Your objective. Nothing but the lines below from the one containing "Stanselle and Hendrika’s" through the one containing "児童の登校前にスプリンクラー" should appear in the answer, exact and without pictures.

Study material.
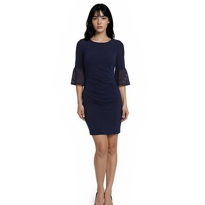 Lauren Ralph Lauren Dress Women's Size 10 Navy Blue Lace Bell Sleeve Sheath
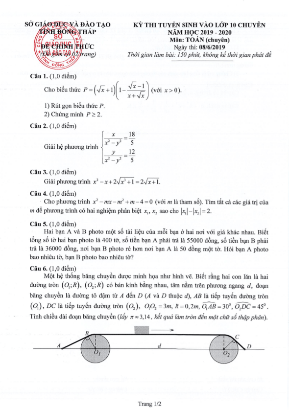 Đề tuyển sinh vào 10 môn Toán chuyên năm 2019 – 2020 sở GD&ĐT Đồng Tháp
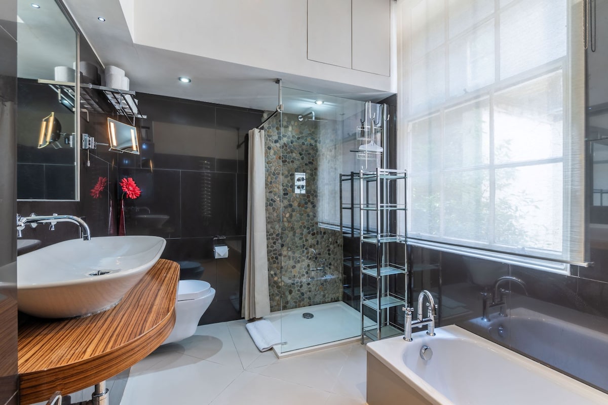 • Sleek bathroom: A modern walk-in shower with quality finishes and complimentary toiletries.
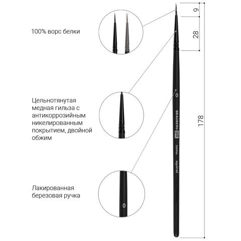 Кисть художественная проф. BRAUBERG ART CLASSIC, белка, круглая, № 0, 200906
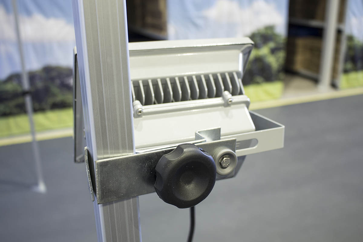 Mit nur ein Paar Handgriffen lässt sich die Lampenhalterung an dem Standbein des Zeltes montieren,
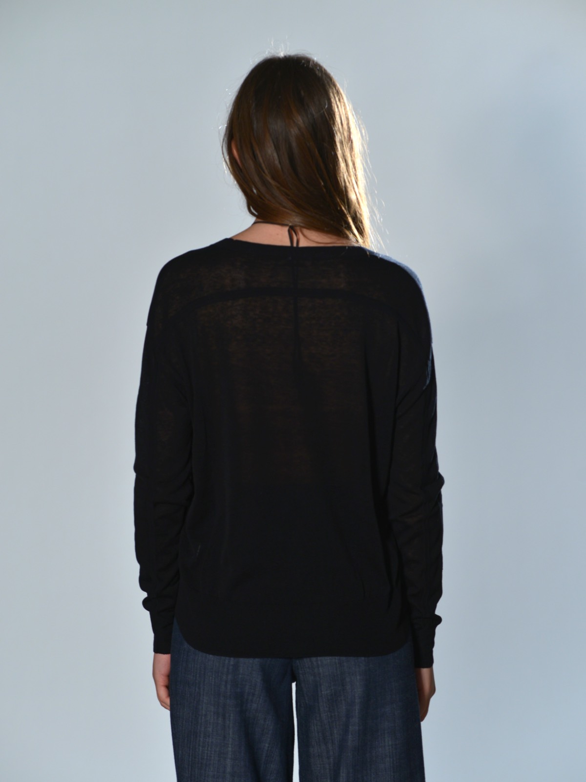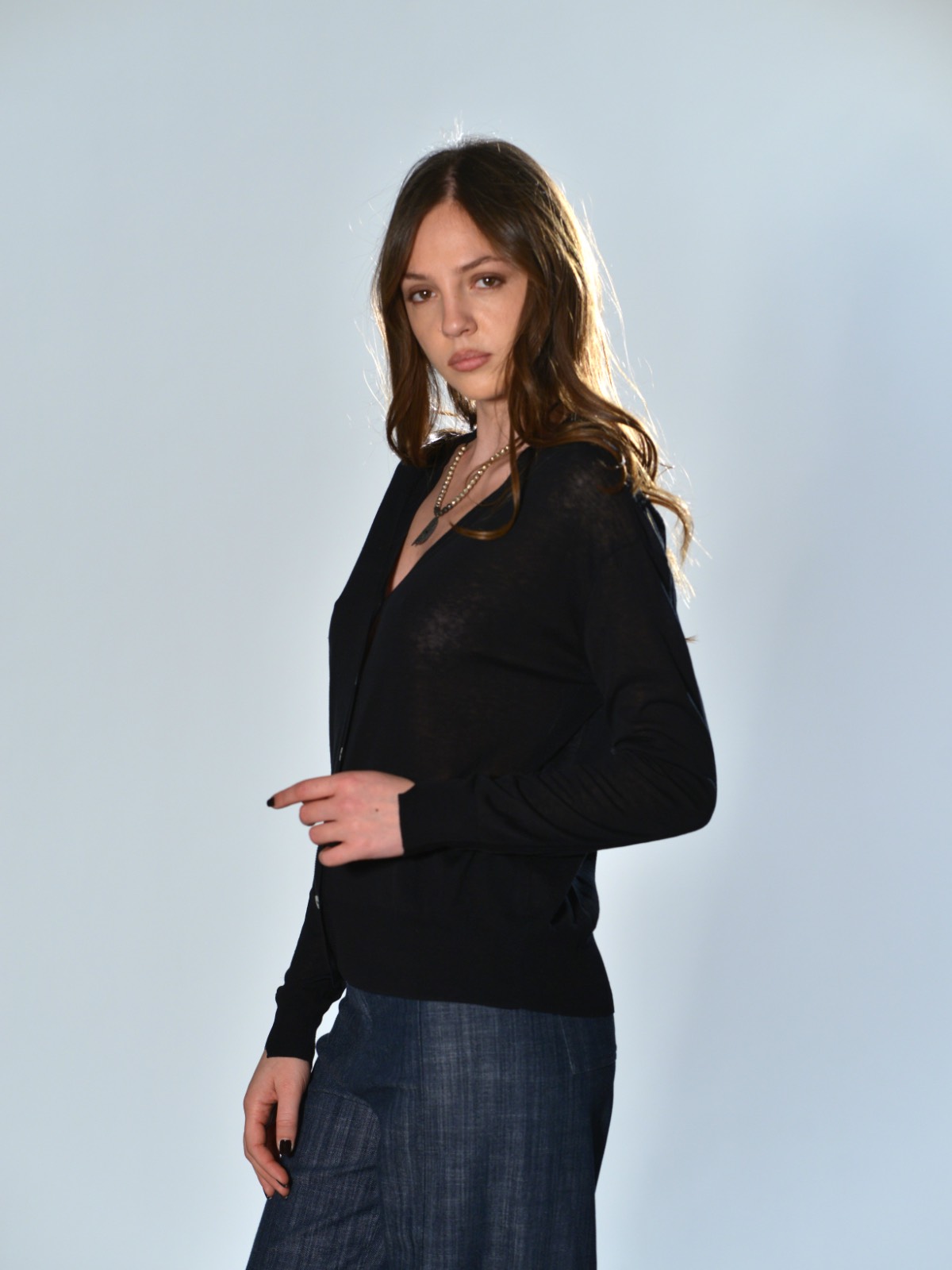 Slightly sheer silk and cotton cardigan. Deep V-neck with six-button center front closure and ribbed trim. Dropped shoulders and long sleeves with ribbed cuffs. Ribbed hem creates a subtle blouse effect.
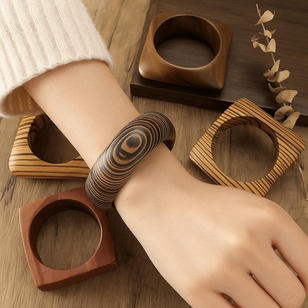 Geometric Wood Grain Bangle Square Burlywood Hand Ring Simple Wooden Bracelet Gift
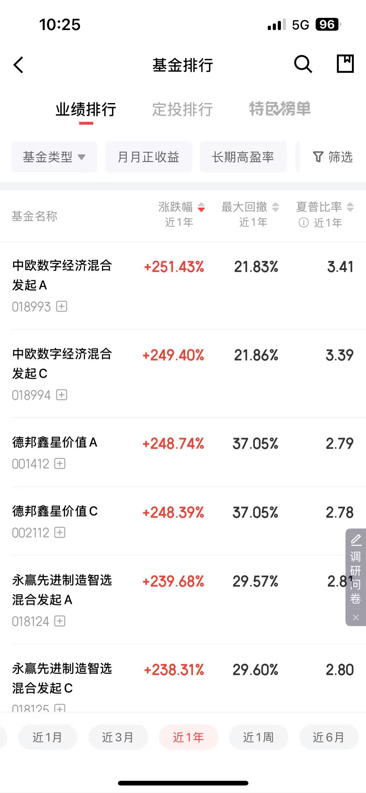 看看人家这收益,再看看自己账户,是不是有点扎心?$中欧数字经济混合发起C$(018994)近一年干了249%的涨幅,近一季也是87.42%的收益,稳稳的第一名,把信澳业绩驱动混合C(016371)远远甩在后面。冯经理的调仓能力确实强,能根据市场变化及时调整重心,比如从模型训练转到AI应用落地,这就叫专业。这基金虽然波动也有,但整体向上势头非常猛,近一年夏普比率5.94,表现优异,说明承担单位风险获得的回报很高。现在市场情绪正好,AI硬件、应用轮番表现,加上平台有红包活动,这时候不参与一下,难道要等风过去了再追吗?#指数操盘手集结令#
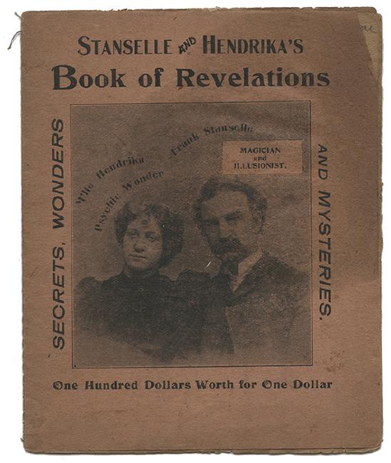 Stanselle and Hendrika’s Book of Revelations. Chicago [?], ca. 1910s. Pictorial wrappers depicting the magicians. 16mo. p. 1—16. Inscribed on the first page: “To F.E. Powell/ Compliments of Mrs. H.J. Burlingame/ Syracuse, Ind./ Oct. 1915.” Minor chipping around edges.
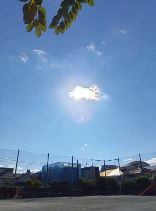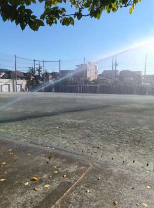 児童の登校前にスプリンクラーで水をまき、登校後に再度まきますが、太陽が出続けていると焼け石に水、それでも一度表面の熱が取れるので、日がかげって使える時のために準備をします。今日も日差しなどの状況により、屋外の活動の可否を判断していきます。
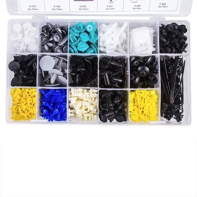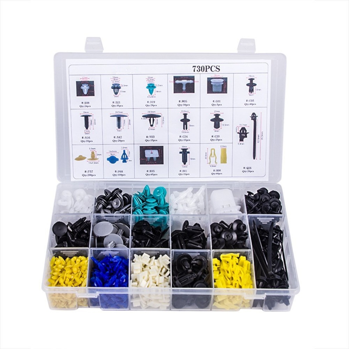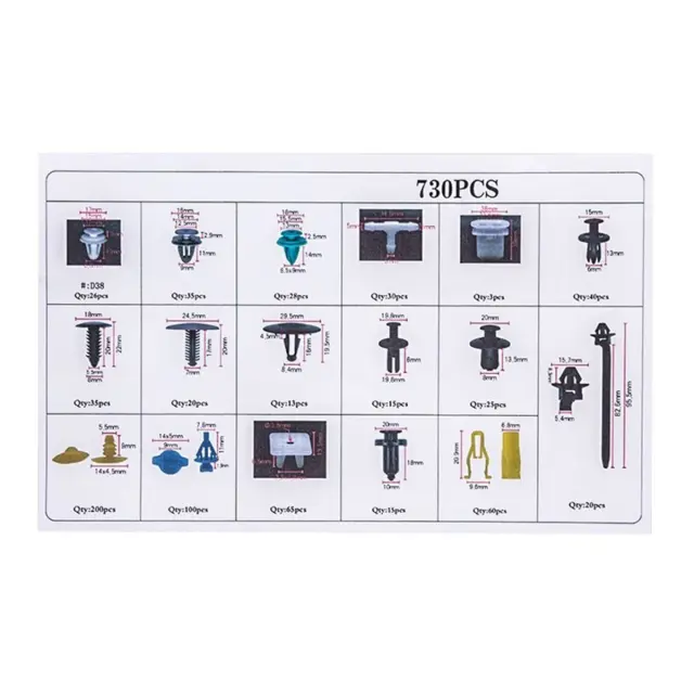 Vsestranski izbor sponk: Prosimo, upoštevajte: to niso originalni deli. Ta obsežen komplet 730 kosov ponuja široko paleto sponk, primernih za različne avtomobilske namene. Izbor vključuje različne velikosti in sloge, ki zagotavljajo združljivost s številnimi modeli avtomobilov in vrstami oblog. Če imate na voljo tako obsežen izbor, vam ni treba iskati posameznih sponk, kar prihrani čas in frustracije pri popravilu ali prilagajanju vašega vozila. Ne glede na to, ali delate na vratnih ploščah, odbijačih, blatnikih ali drugih komponentah oblog, ta komplet ponuja popoln pritrdilni element za varno in profesionalno končno obdelavo.
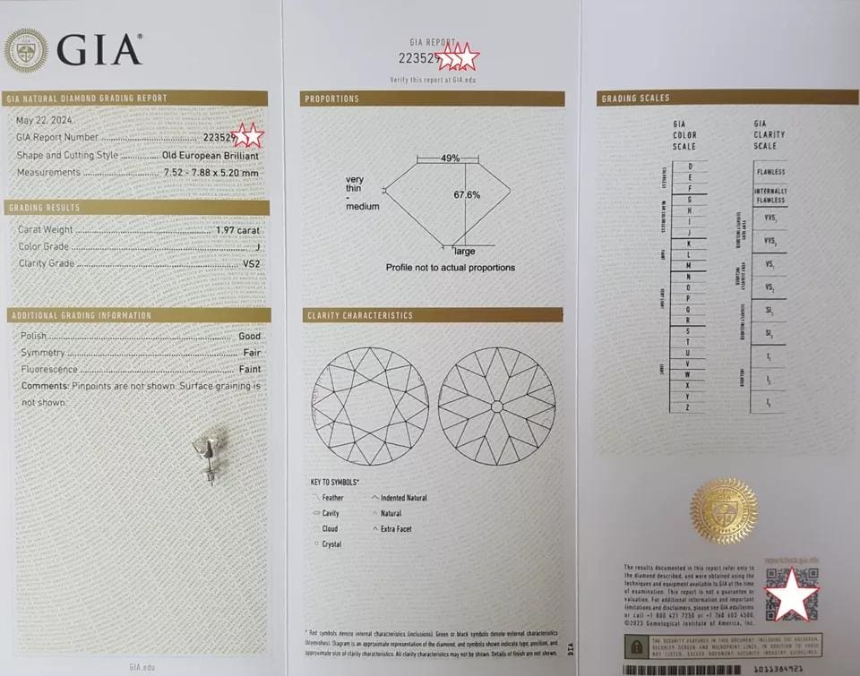 Stone #1: Natural 1.97 ct Old European Cut Diamond, J in color, VS2 in clarity, Good Polish, Fair Symmetry, 67.6 % Depth, Fair Fluorescence, Measuring 7.52-7.88x5.20 mm, graded by GIA "GIA 223529****".
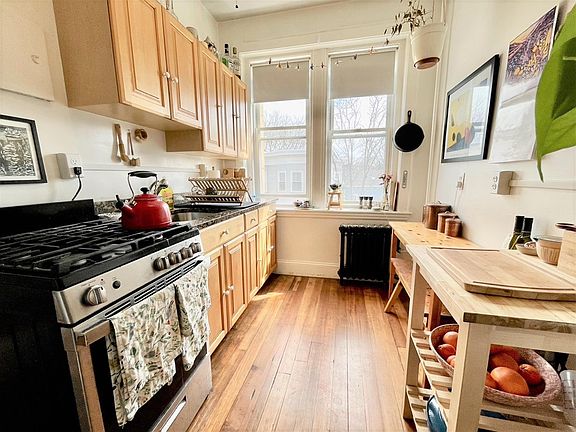 One-bedroom apartment on the third floor overlooking Martin Street and this quiet residential neighborhood of beautiful single-family and well-kept two and three family homes. Very livable floor plan. Foyer can accommodate a small dining area or a study area. French doors invite you into the sunny living room. This unit has three closets. The recently-renovated eat- in kitchen (room for a table and two chairs) has stainless steel gas stove, granite counters, stainless steel sink and faucet. The very convenient laundry room is just down the rear stairs from the kitchen door.
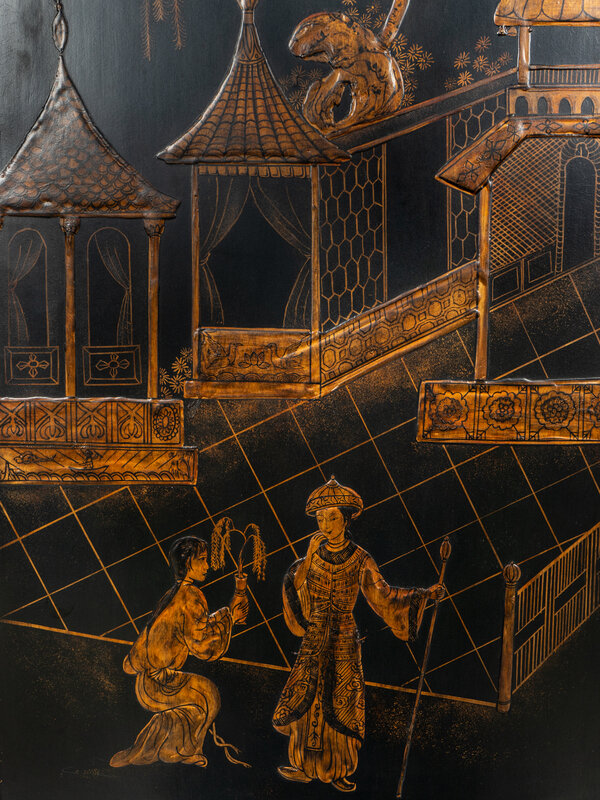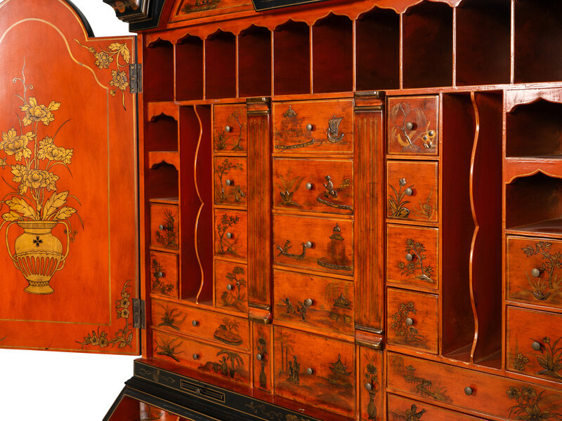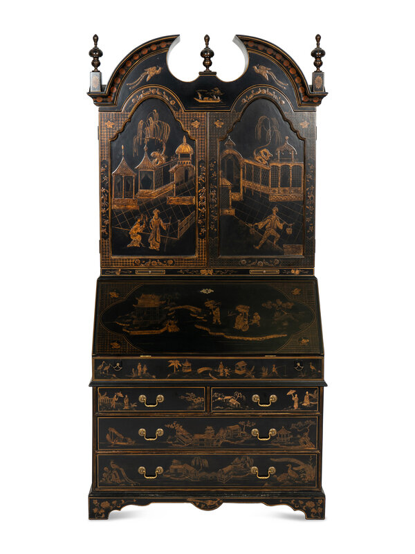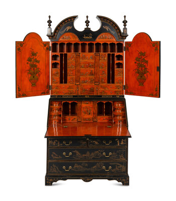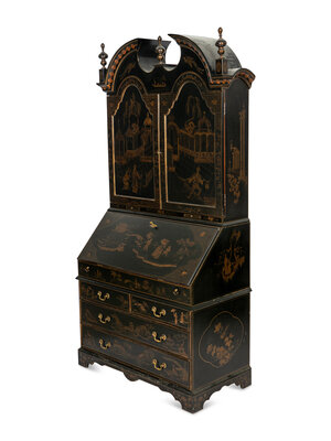 A George II Style Black and Gilt-Japanned Bureau Cabinet
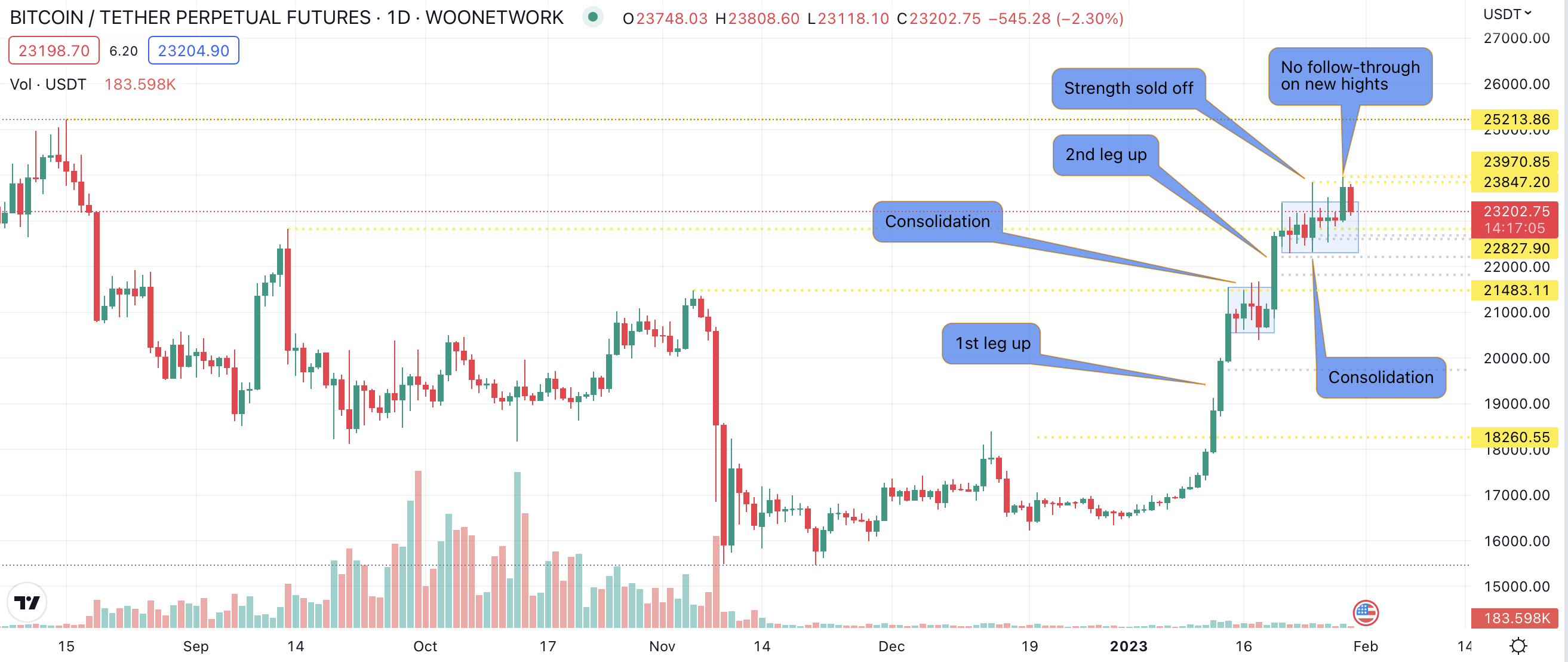 Возможно, не стоит пытаться поймать вершину. Как отмечалось на прошлой неделе, стойкий прорыв в 22,300 долларов, вероятно, даст нам долгожданный откат/разворот.
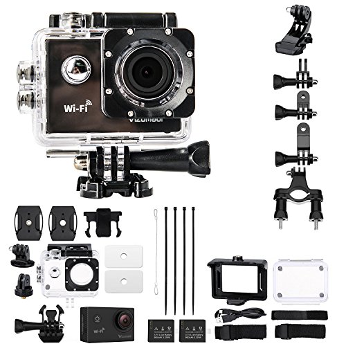 Vizomaoi Sports Action Camera,4K Ultra HD, WIFI,Waterproof 2 Batteries and 20 Accessories Kits, 170 Degree Wide Angle Lens, 2.0 Inch LTPS Screen Camcorder, US Based Customer Service
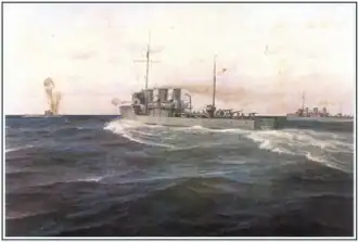 ![]() Потопление подводной лодкой Балтийского флота «Пантера» английского эсминца «Виттория» | |||

Result.
 Stanselle and Hendrika’s Book of Revelations. Chicago [?], ca. 1910s. Pictorial wrappers depicting the magicians. 16mo. p. 1—16. Inscribed on the first page: “To F.E. Powell/ Compliments of Mrs. H.J. Burlingame/ Syracuse, Ind./ Oct. 1915.” Minor chipping around edges.
 児童の登校前にスプリンクラーで水をまき、登校後に再度まきますが、太陽が出続けていると焼け石に水、それでも一度表面の熱が取れるので、日がかげって使える時のために準備をします。今日も日差しなどの状況により、屋外の活動の可否を判断していきます。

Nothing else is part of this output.